For this exercise, an exact copy is needed of only the lines from the one containing "[02:36.92] | 离别于故土,行走各自人生路 |" through the end of the data, with pictures left out.

DATASET EXCERPT:
######
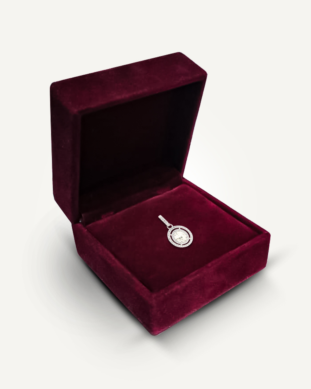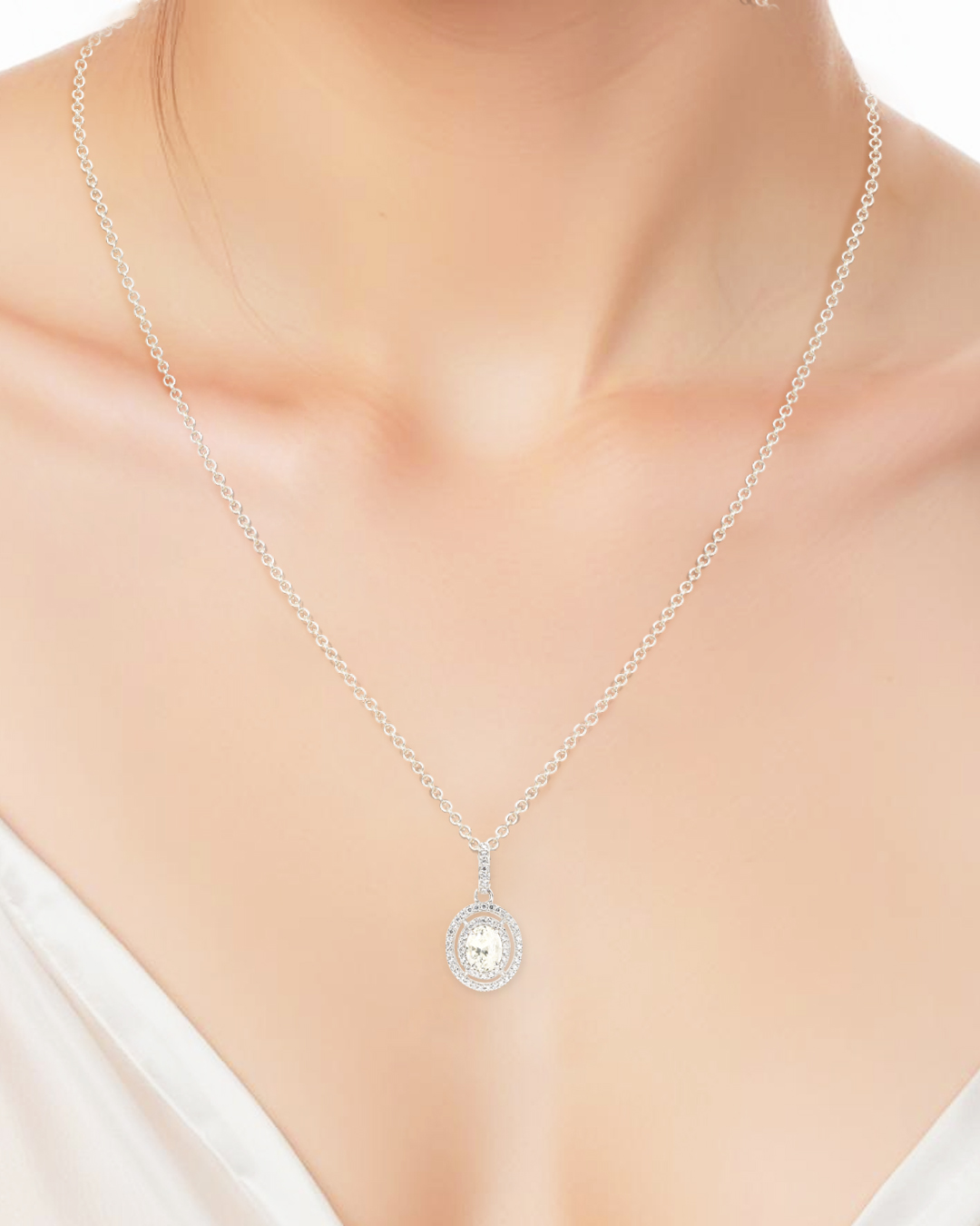 Radiating sophistication and brilliance, this pendant features a stunning oval-cut Sri Lankan white sapphire at its center, showcasing clarity and natural elegance. Surrounding the sapphire are 61 sparkling round-cut American diamonds, meticulously set to create a dazzling halo effect that captures light from every angle. Crafted in sterling silver, this pendant blends timeless charm with modern sparkle, making it a statement piece that enhances any ensemble.
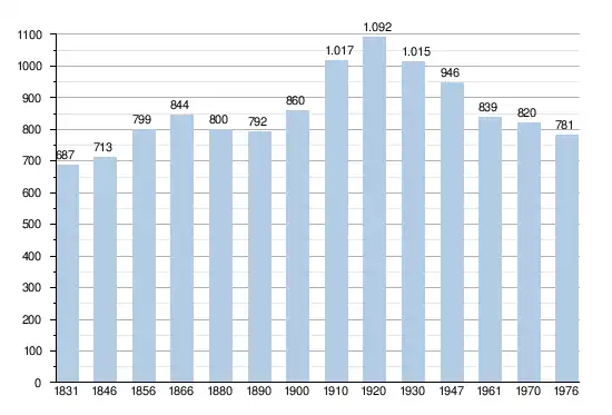 Les chiffres des années 1831 à 1970 tiennent compte des chiffres des anciennes communes fusionnées.
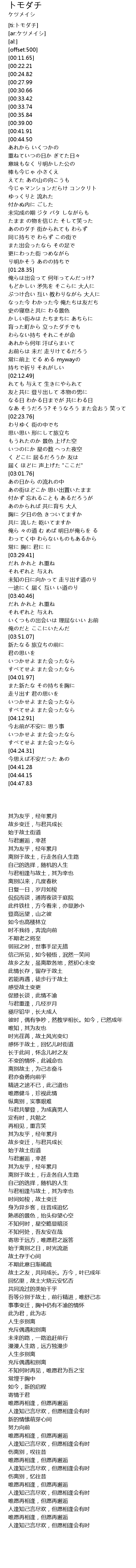 | [02:36.92] | 离别于故土,行走各自人生路 |
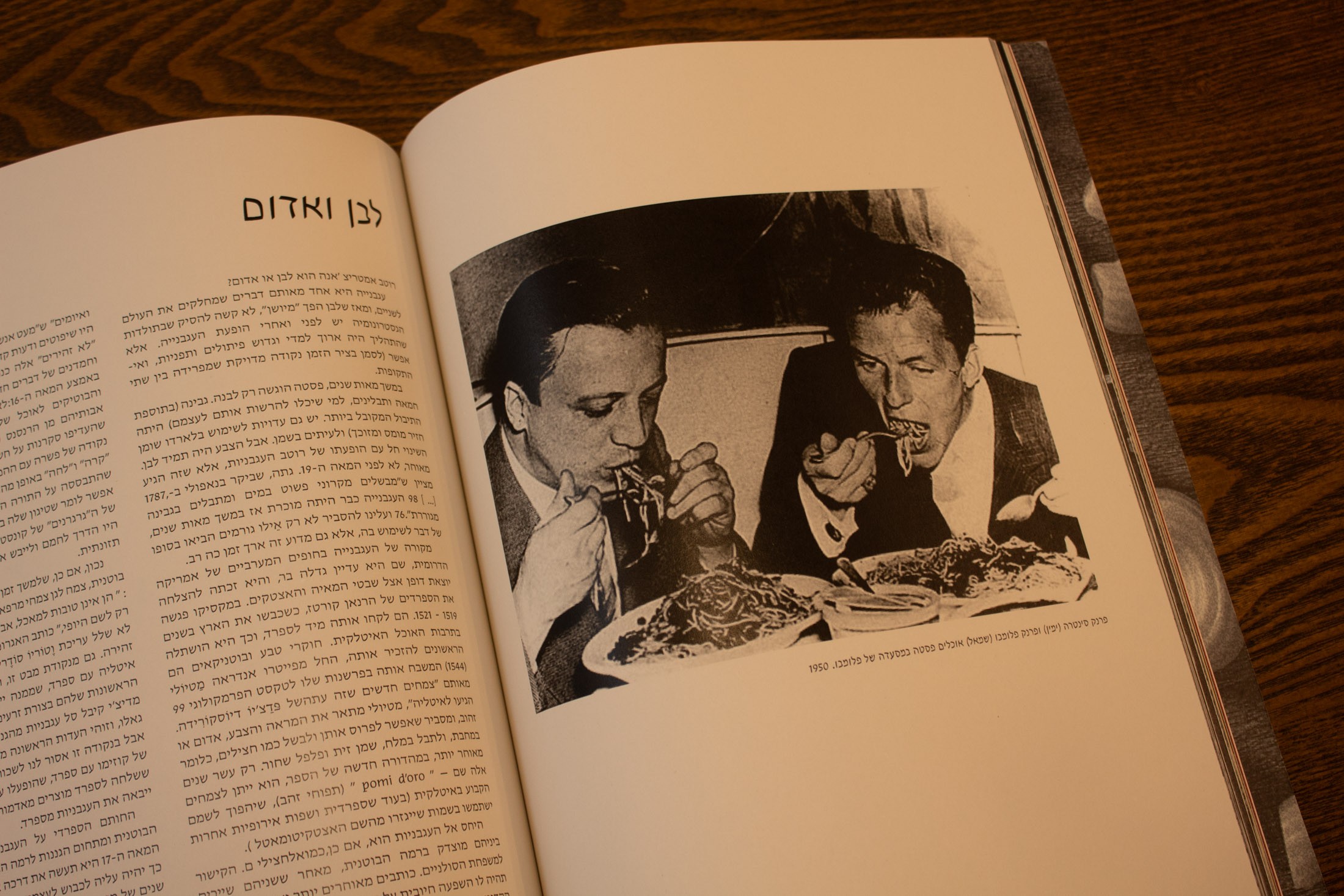 I curated a collection of rare archival images featuring both industrial pasta production and celebrities caught in 'clumsy' moments of consumption. This juxtaposition highlights pasta as the ultimate social equalizer: a high-culture staple that defies 'classy' etiquette. To bring these rare, low-resolution archives to a large-scale print format, I utilized AI upscaling and Photoshop restoration. This allowed me to significantly enhance image quality, ensuring every detail was sharp enough to accommodate the book's custom dimensions and full-bleed layouts."
######
EXERCISE OUTPUT:
 | [02:36.92] | 离别于故土,行走各自人生路 |
 I curated a collection of rare archival images featuring both industrial pasta production and celebrities caught in 'clumsy' moments of consumption. This juxtaposition highlights pasta as the ultimate social equalizer: a high-culture staple that defies 'classy' etiquette. To bring these rare, low-resolution archives to a large-scale print format, I utilized AI upscaling and Photoshop restoration. This allowed me to significantly enhance image quality, ensuring every detail was sharp enough to accommodate the book's custom dimensions and full-bleed layouts."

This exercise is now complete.